» **Dataset excerpts**
****

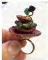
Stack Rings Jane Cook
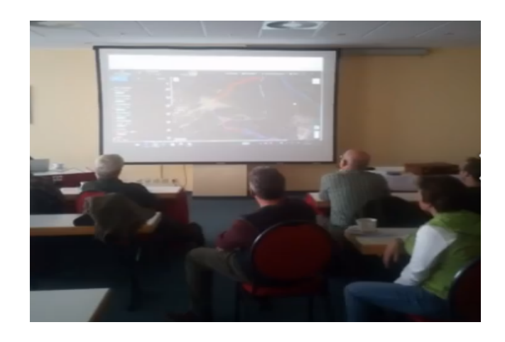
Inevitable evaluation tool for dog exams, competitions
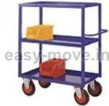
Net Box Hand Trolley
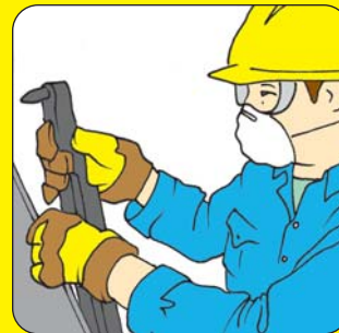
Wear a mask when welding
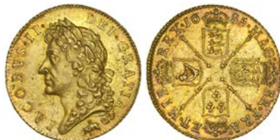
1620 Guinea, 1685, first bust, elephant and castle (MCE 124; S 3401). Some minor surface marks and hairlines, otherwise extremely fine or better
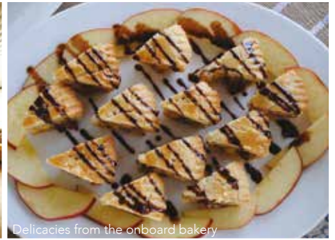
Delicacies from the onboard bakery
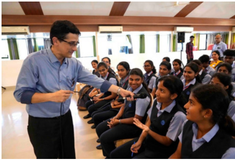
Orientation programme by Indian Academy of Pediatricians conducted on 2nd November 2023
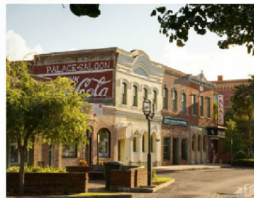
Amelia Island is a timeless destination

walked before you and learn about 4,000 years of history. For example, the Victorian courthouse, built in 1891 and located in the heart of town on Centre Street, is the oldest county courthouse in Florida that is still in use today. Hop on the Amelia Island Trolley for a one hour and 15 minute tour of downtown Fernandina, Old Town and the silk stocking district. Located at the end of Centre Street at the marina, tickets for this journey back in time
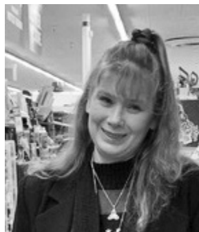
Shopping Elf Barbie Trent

****

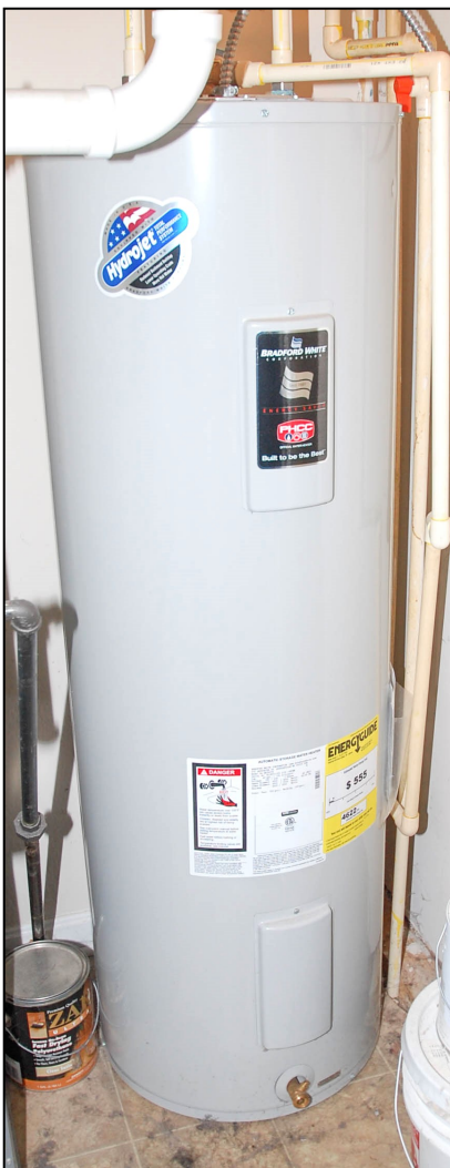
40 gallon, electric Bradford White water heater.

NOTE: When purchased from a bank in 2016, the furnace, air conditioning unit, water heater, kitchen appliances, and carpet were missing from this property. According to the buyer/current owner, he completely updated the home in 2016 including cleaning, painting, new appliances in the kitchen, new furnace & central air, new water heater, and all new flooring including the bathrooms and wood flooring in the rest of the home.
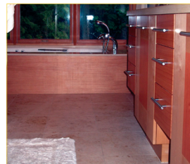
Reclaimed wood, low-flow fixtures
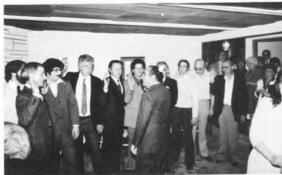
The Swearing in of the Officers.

****

Above are records; repeat only the lines from the line with "Stack Rings Jane Cook" through the line with "Delicacies from the onboard bakery", and leave pictures out.

Stack Rings Jane Cook
Inevitable evaluation tool for dog exams, competitions
Net Box Hand Trolley
Wear a mask when welding
1620 Guinea, 1685, first bust, elephant and castle (MCE 124; S 3401). Some minor surface marks and hairlines, otherwise extremely fine or better
Delicacies from the onboard bakery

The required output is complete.